Smacoviruses, previously known as “stool-associated circular viruses”, have been detected in faecal samples obtained from healthy and diarrheic animal species, including cattle7, sheep7, pigs8,9, rats10, chickens11, camels12, non-human primates13 and humans13,14,15, as well as insect species such as dragonflies16 and blow flies17 but not from environmental samples. Despite the lack of evidence for a direct causal relationship, smacoviruses were identified in the faecal virome derived from human patients with diarrhea in France as well as in central and south American children with unexplained gastrointestinal disease negative for known pathogens13,15. It remains, however, to be established whether smacovirus infect human cells, causes overt disease or not in humans and animals.
In this study, sequence reads related to CRESS DNA virus genomes were initially discovered in faecal samples of Zambian NHPs through viral metagenomic analysis. We subsequently determined whole genome sequences of eleven CRESS DNA viruses and characterized ten of them as new smacovirus species. This study extends the known genetic diversity of smacoviruses and the species range of NHPs which harbour these ssDNA viruses.
Identification of CRESS DNA viruses in Zambian NHP species
Fifty faecal samples from NHPs consisting of 25 malbroucks (Chlorocebus cynosuros) and 25 baboons (Papio spp.) in Zambia were suspended, pooled and subjected to metagenomic analysis. Among a total of 63,587,648 sequence reads generated, 1,381,545 reads were assigned to ssDNA viruses by BLASTx by comparison of the translated nucleotide sequences from the samples with the viral protein database18. Six contigs, ranging in length from 0.8–2.0 kb, related to members of Smacoviridae were generated by de novo assembly.
To examine the prevalence of the smacovirus-like genomes, six different pairs of primer sets were designed and used to screen fifty faecal samples from NHPs (Supplementary Table S1). Ten (20%) of the NHP faecal samples were positive for smacovirus-like genomes. Nine faecal samples were positive for a single smacovirus-like genome, whereas one malbrouck faecal sample (ZM09#96) harboured two different smacovirus-like genomes (Table 1). Speciation of NHPs was confirmed by sequencing of mitochondrial cytochrome b (cytb) (Table 1).
The complete, circular genomes from eleven smacovirus-like genomes were then amplified by inverse PCR, cloned into plasmid vectors and then sequenced bidirectionally by a primer walking strategy employing Sanger sequencing.
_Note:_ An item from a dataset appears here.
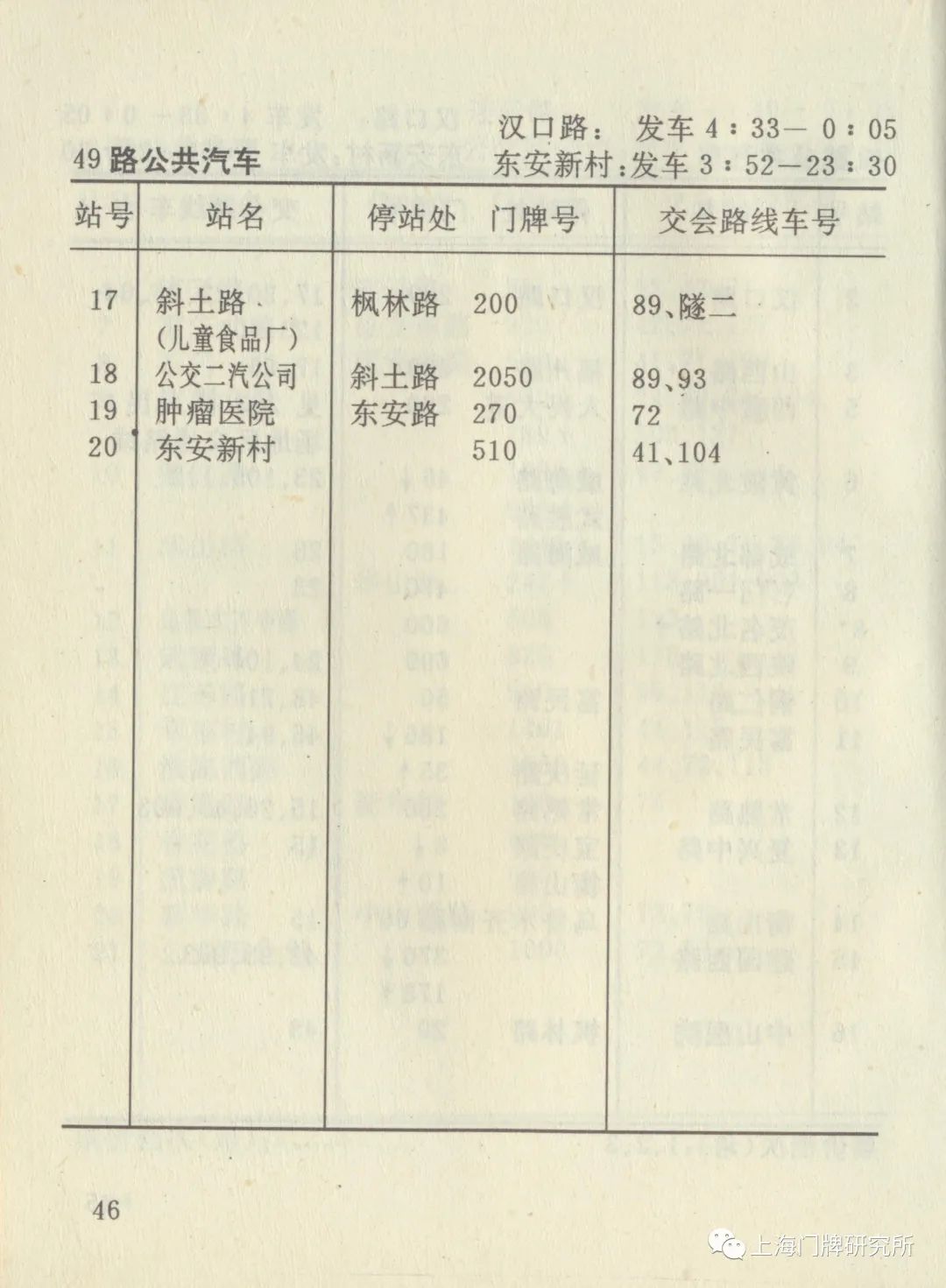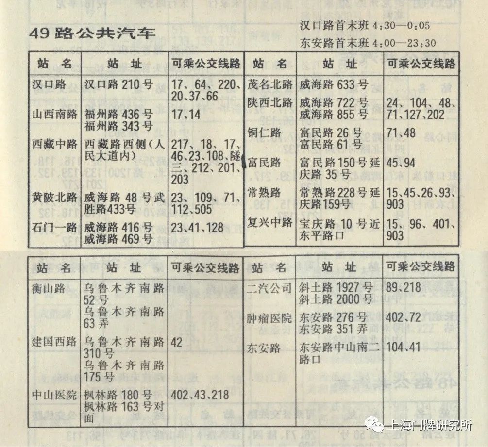 12月16日,49路汽车由斜土路枫林路延伸至东庙桥路(今东安路)龙山路(今中山南二路),中途增设汽车二场、中医学院、龙山路等站。同时,自南京东路外滩原线起至常熟路后,改道经宝庆路、靖江路(今桃江路)折入岳阳路(不久又恢复乌鲁木齐路原走向),循原线行驶至东庙桥路龙山路(东庙新村,即今东安新村);回程相同。

As a result, we found that the complete circular genome sizes ranged from 2488 to 2766 nucleotides, which is within the known range of previously reported CRESS DNA virus genomes. BLASTx analysis showed that these CRESS DNA virus genomes were related to known viruses from the family Smacoviridae.
Classification and genome organization of Zambian NHP CRESS DNA viruses
The smacovirus-like CRESS DNA viruses from Zambian NHPs each contained two large ORFs which showed sequence similarity to CP and Rep of previously described smacoviruses. Following the CRESS DNA virus classification scheme proposed by Rosario et al.4, the genomes of ten CRESS DNA viruses belonged to the ambisense type IV organization whereas the genome of one CRESS DNA virus (isolate PkSmV1-ZM09–64) contained a unisense type V organization in which the CP and Rep ORFs were in the same orientation similar to the previously described porcine smacovirus-related CRESS DNA virus, PigSCV (JQ023166)13,19 (Fig. 1). The predicted stem loop structures were located near the 3′-end of the Rep ORF with homology to the degenerate NAGTNTTAC nonanucleotide sequence motif which are also shared by all other reported smacoviruses6 (Table 2). This motif has been identified as the putative origin of RCR of smacoviruses during the replication cycle7,13.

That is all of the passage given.